■ To do ■
Write out, please, each line from the one containing "мм, 'Супергерои', 357958" to the final line of the data, both included, exactly and without pictures.

━━━━━━━━━━━━━━━━━━━━

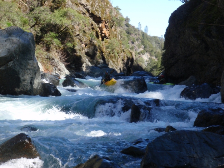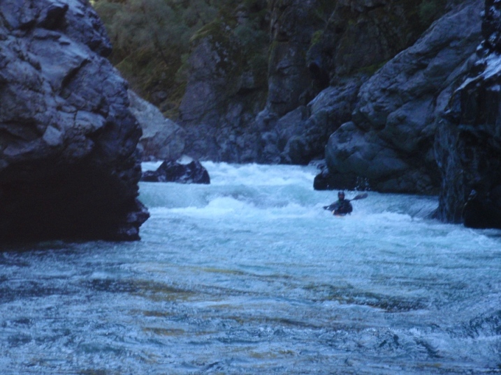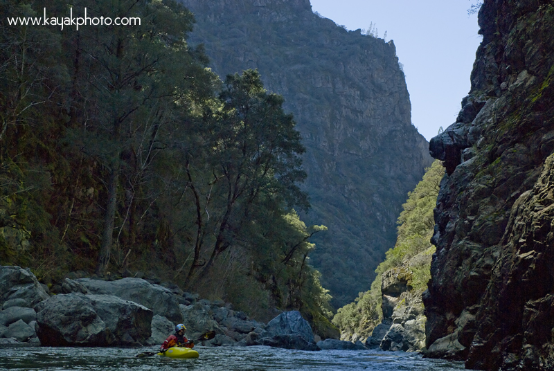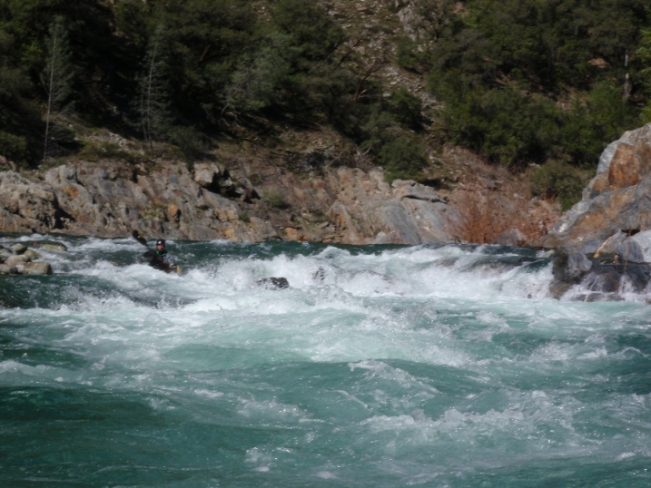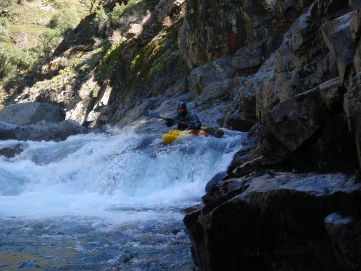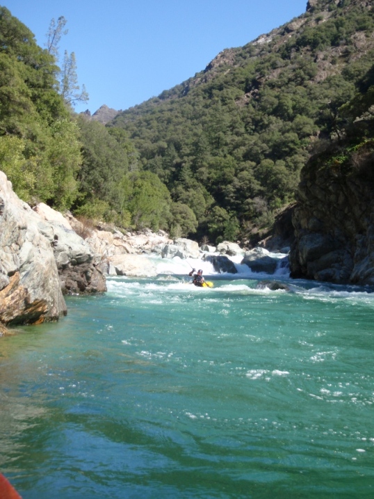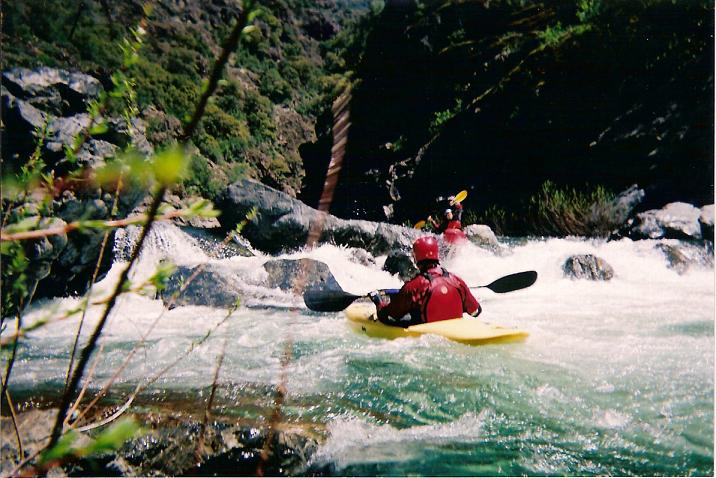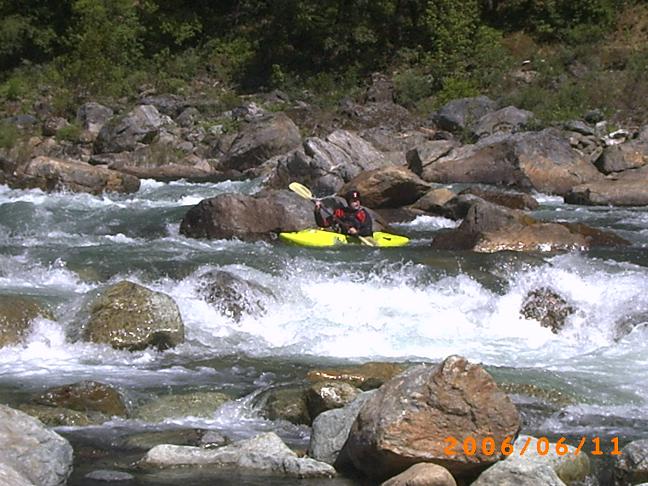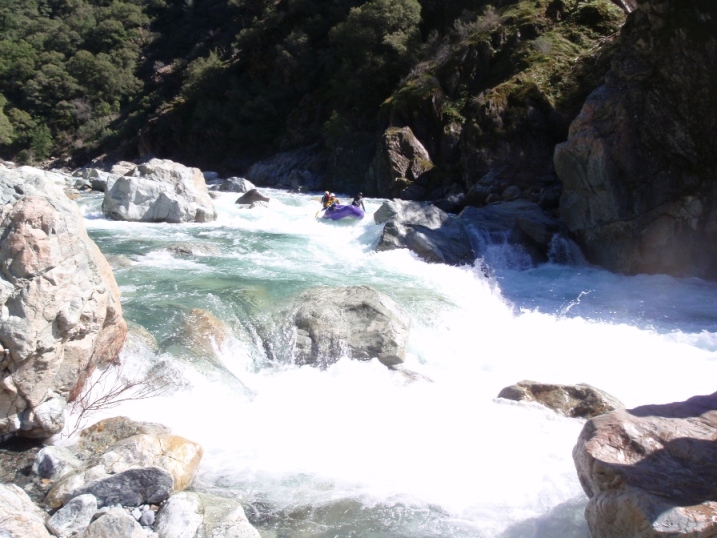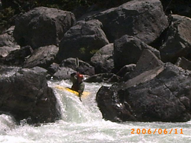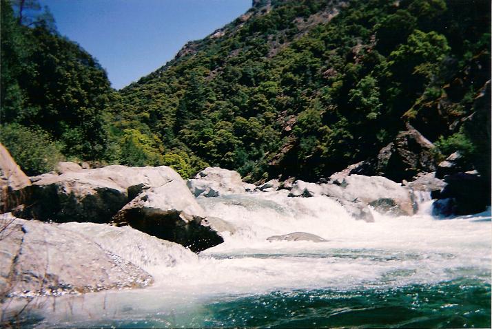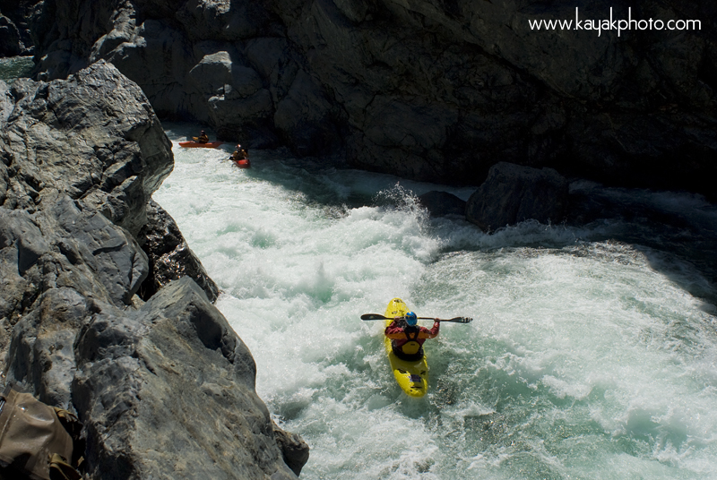 The first time I went to run this run, I was still a class IV boater, and this was the furthest that I had pushed myself to date. Because of this I don't think I ever looked up and around to see some of the most amazing mountain views that can be seen in the Sierras. The other stupid thing about that day on the river is that my memory of it was quite skewed from reality. I remember the three big rapids and a few of the smaller rapids, but do not remember there being as many class IV rapids in between and for such a distance. After my second run I have decided that this run is a classic as many have always thought. The run does however have a two-mile hike in, although all downhill, it is still a pain. Furthermore, the last five miles or so is down easy class II and occasionally class III which after the long day up to, gets a little boring and tedious. This would be a horrendous run if you either: don't have someone familiar with the run, or aren't a capable boat scouter. There are many rapids which are technical (20+ class IVs or so). Many of the rapids are long affairs that have no individually hard moves but a mistake in the top would have reverberations which might not be pleasant. There are many sections hundred yards long or longer, which require eddy hoping and picking a new line once you can see the next section. With this said, the final class V rapid has a choked off entrance, so be wary of bombing into every drop as it may just be Dominator.
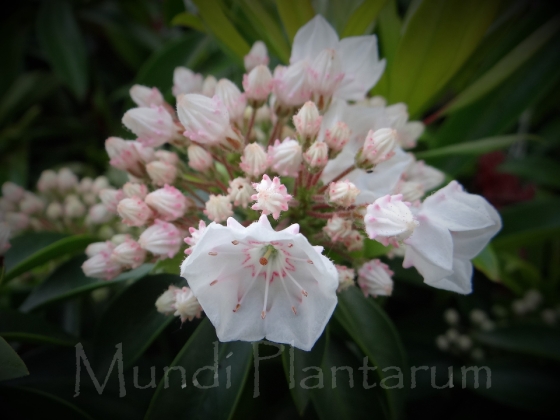 Erected mountain laurel, compact, shiny green evergreen foliage. The leaves are smaller than the type. Pure white flower in June. Height 80cm.
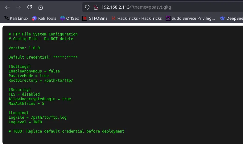 The page gave us valuable information about the FTP server running such as the FTP using Default credential, and server contains a FTP log file (Could be our target file to find)
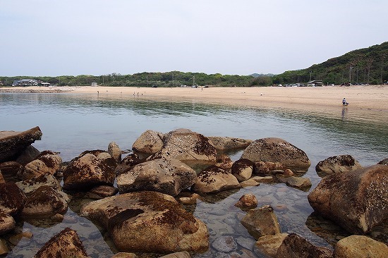 これは4月の下旬ですが、大潮でかなり水が引いてました。めかぶやアオサらしき物がいっぱい、子供も水に入って遊んでました。お天気もまずまずで、気持よかったです。
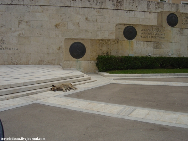 Помимо почетного караула из традиционных греческих пехотинцев - эвзонов, у парламента несут службу и бродячие собаки
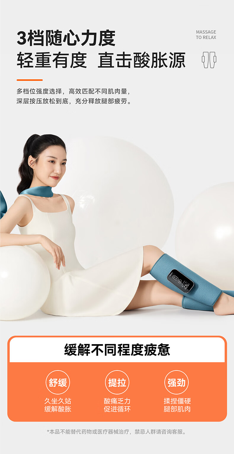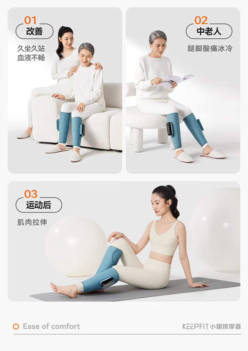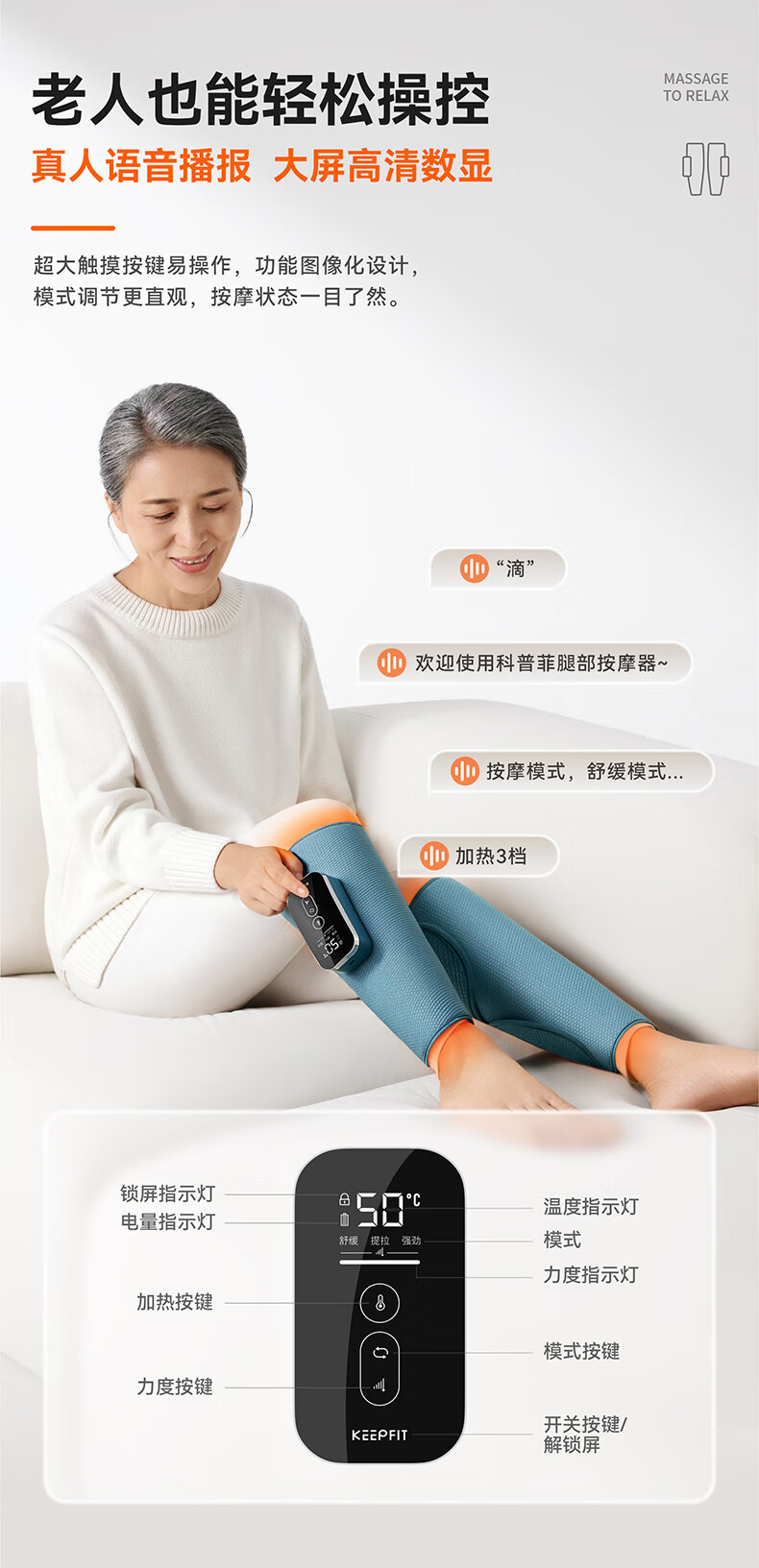 科普菲 腿部按摩器空气波气囊揉捏大小腿静脉仪器捏腿神器曲张膝盖热敷肌肉放松 KPF-Leg07-2
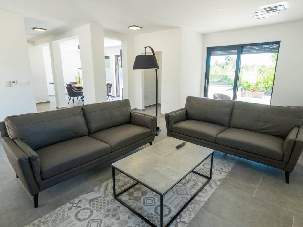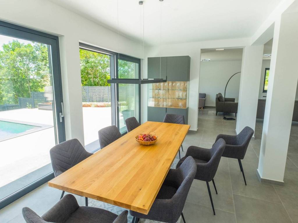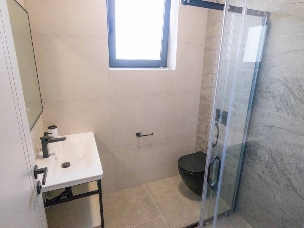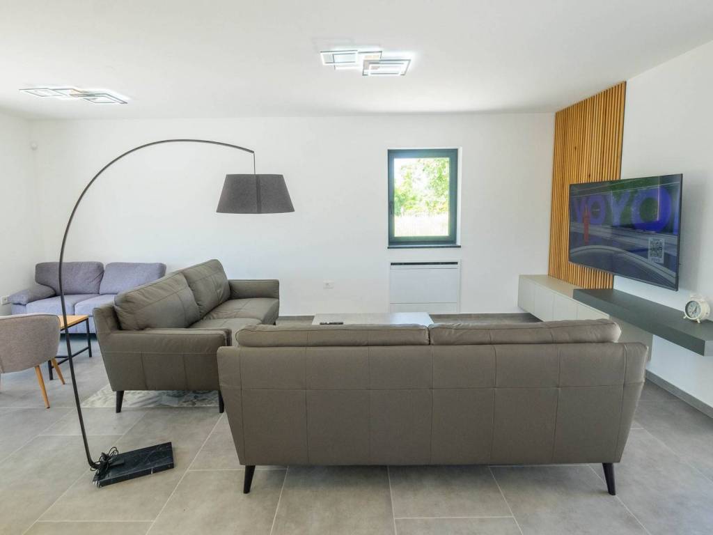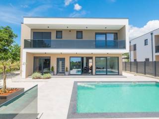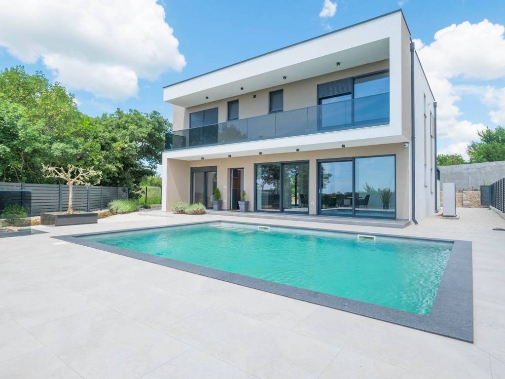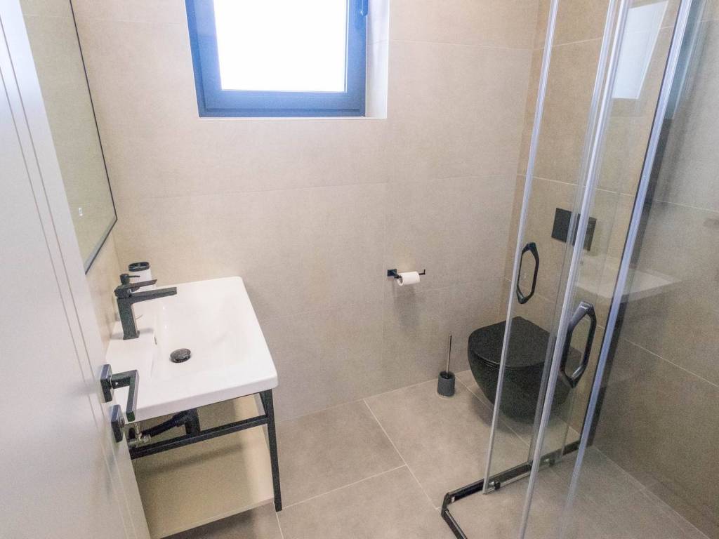 Modern villa with 4 bedrooms and 4 bathrooms. The villa extends through the ground floor and first floor, with a total net usable area of 182.5 m2. It consists of an entrance hall, an open-plan living room, a kitchen and dining room, a toilet, a utility room and a covered terrace with a summer kitchen. On the first floor there is an entrance hall, 4 bedrooms each with a bathroom. The terrace offers a beautiful panoramic view of nature and the sea. The villa is equipped with modern heating and cooling systems, and the highest quality materials and equipment are used in the construction.
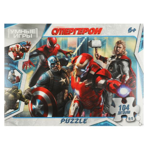 —Пазл классический в коробке. 104 детали. 190х141х35 мм, 'Супергерои', 357958
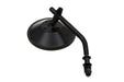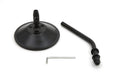 Custom round style mirror with black steel back and 4 round stem.
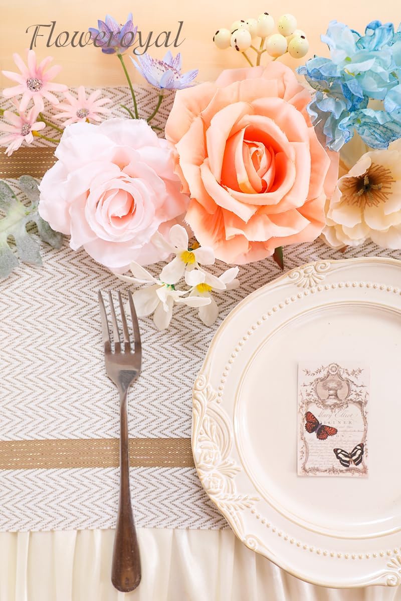 • โ™”EASY TO DIY & CARE-Floweroyal fake flower is a box of pre-selected flowers by color, size and type. If you don't know how to make flower arrangements, we have picked out all the right kind of flowers for you to create. Our flexible plastic flower stems have built-in iron wires. It's very easy to stick in flower mud to arrangements or bend for DIY. Do not have to water and no dead leaves. Easy to clean and remove the dust. Not easy to fade. Easy to store for a long time and use repeatedly.

━━━━━━━━━━━━━━━━━━━━

■ Written solution ■
 —Пазл классический в коробке. 104 детали. 190х141х35 мм, 'Супергерои', 357958
 Custom round style mirror with black steel back and 4 round stem.
 • โ™”EASY TO DIY & CARE-Floweroyal fake flower is a box of pre-selected flowers by color, size and type. If you don't know how to make flower arrangements, we have picked out all the right kind of flowers for you to create. Our flexible plastic flower stems have built-in iron wires. It's very easy to stick in flower mud to arrangements or bend for DIY. Do not have to water and no dead leaves. Easy to clean and remove the dust. Not easy to fade. Easy to store for a long time and use repeatedly.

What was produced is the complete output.